As expected, the lithogenic diet significantly increased mole percent cholesterol in pooled gallbladder bile, leading to the formation of cholesterol-supersaturated bile in OVX mice treated with E2 (Table 1). By contrast, mole percent cholesterol in pooled gallbladder bile was markedly reduced by ezetimibe. As a result, the CSI value of pooled gallbladder bile was obviously reduced from 1.51 to 0.44 by ezetimibe. This protective effect of ezetimibe was confirmed by phase analysis in E2-treated OVX mice fed the lithogenic diet for 8 weeks (Figure 2).
Table 1.
Ezetimibe (mg/kg/day) |
Cholesterol (Mole%) |
Phospholipids (Mole%) |
Bile Salts (Mole%) |
Cholesterol Phospholipid Ratio |
Cholesterol Bile Salt Ratio |
Total Lipid Concentration (g/dL) |
CSI |
---|---|---|---|---|---|---|---|
0 | 9.23 | 16.76 | 74.01 | 0.55 | 0.13 | 10.12 | 1.51 |
8 | 2.20 | 13.92 | 83.88 | 0.16 | 0.03 | 9.53 | 0.44 |
Values were determined from pooled gallbladder bile (n=10 per group). Abbreviation: CSI, cholesterol saturation index.
In addition, ezetimibe significantly (P<0.01) reduced plasma total cholesterol from 179±12 mg/dL to 94±8 mg/dL in E2-treated OVX mice challenged to the lithogenic diet. Moreover, plasma HDL (70±11 mg/dL) and VLDL+LDL cholesterol (110±5 mg/dL) concentrations were significantly (P<0.01) decreased in ezetimibe-treated mice compared to mice receiving no ezetimibe (49±12 mg/dL and 45±11 mg/dL).
Physical-chemical analysis of gallbladder bile
The relative lipid composition of pooled gallbladder bile from E2-treated OVX mice fed the lithogenic diet and receiving no ezetimibe was located in the central three-phase area denoted Region C (Figure 2). By phase analysis, the bile consisted of solid cholesterol monohydrate crystals, liquid crystals and saturated micelles [29]. By contrast, with ezetimibe treatment, the relative lipid composition of pooled gallbladder bile was plotted within the one-phase micellar zone of the phase diagram. The bile was composed of one phase, namely unsaturated micelles, consistent with the results observed experimentally in model bile [29]. These alterations were induced by a significant reduction in cholesterol content of bile (Table 1). These results imply that ezetimibe can successfully prevent the formation of E2-induced cholesterol gallstones in OVX mice challenged to the lithogenic diet.
Ezetimibe reduces hepatic output of biliary lipids
As shown in Figure 3, at 8 weeks on the lithogenic diet, compared to control mice receiving no ezetimibe, administration of ezetimibe to E2-treated OVX mice resulted in a significant (P<0.01) reduction in biliary cholesterol output during the first hour of biliary secretion of interrupted enterohepatic circulation. However, hepatic output of biliary phospholipids and bile salts slightly varied and was not significantly different between two groups of mice. Also, cholesterol/phospholipid and cholesterol/bile salt ratios were significantly reduced, indicating that bile cholesterol saturation was significantly decreased by ezetimibe. Bile flow rates were comparable in two groups of mice.

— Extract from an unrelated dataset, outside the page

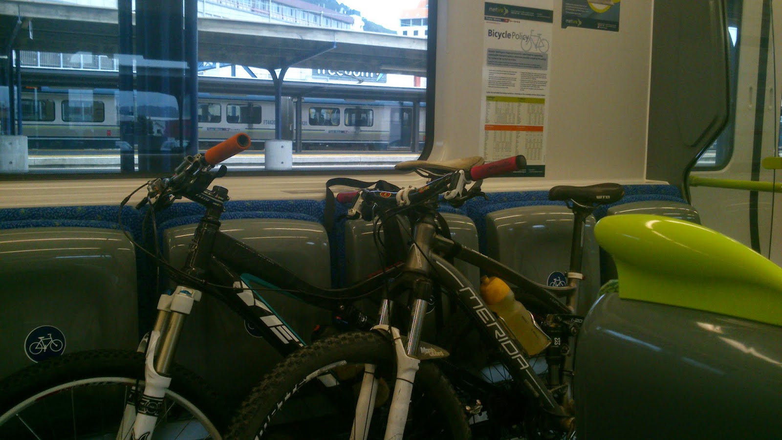 The next train to Upper Hutt was due to leave in only a few minutes, so once we'd bought our tickets we made straight for the platform, and soon had our bikes stowed in the space allocated for them.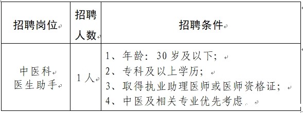 根据医院业务发展需求,我院中医科需招聘劳务派遣工作人员1名,具体招聘条件如下:

Effect of ezetimibe on bile salt species of hepatic bile
Analyses of individual bile salt species by high-performance liquid chromatography (HPLC) revealed that all bile salts in hepatic bile were taurine conjugated with a similar distribution of bile salt composition between two groups of mice. At 8 weeks on the lithogenic diet, taurocholate (51.6–58.3%) became the major bile salt of biliary pool, followed by taurodeoxycholate (9.1–23.8%) and taurochenodeoxycholate (6.5–11.4%). There was a low concentration in tauro-ß-muricholate (8.7–9.0%), tauro-ω-muricholate (5.4–6.7%) and tauroursodeoxycholate (4.1–5.5%). Hydrophobicity indexes of bile salts in hepatic bile were basically the same (−0.10 to +0.04) between two groups of mice. These results indicate that ezetimibe does not influence bile salt species in bile.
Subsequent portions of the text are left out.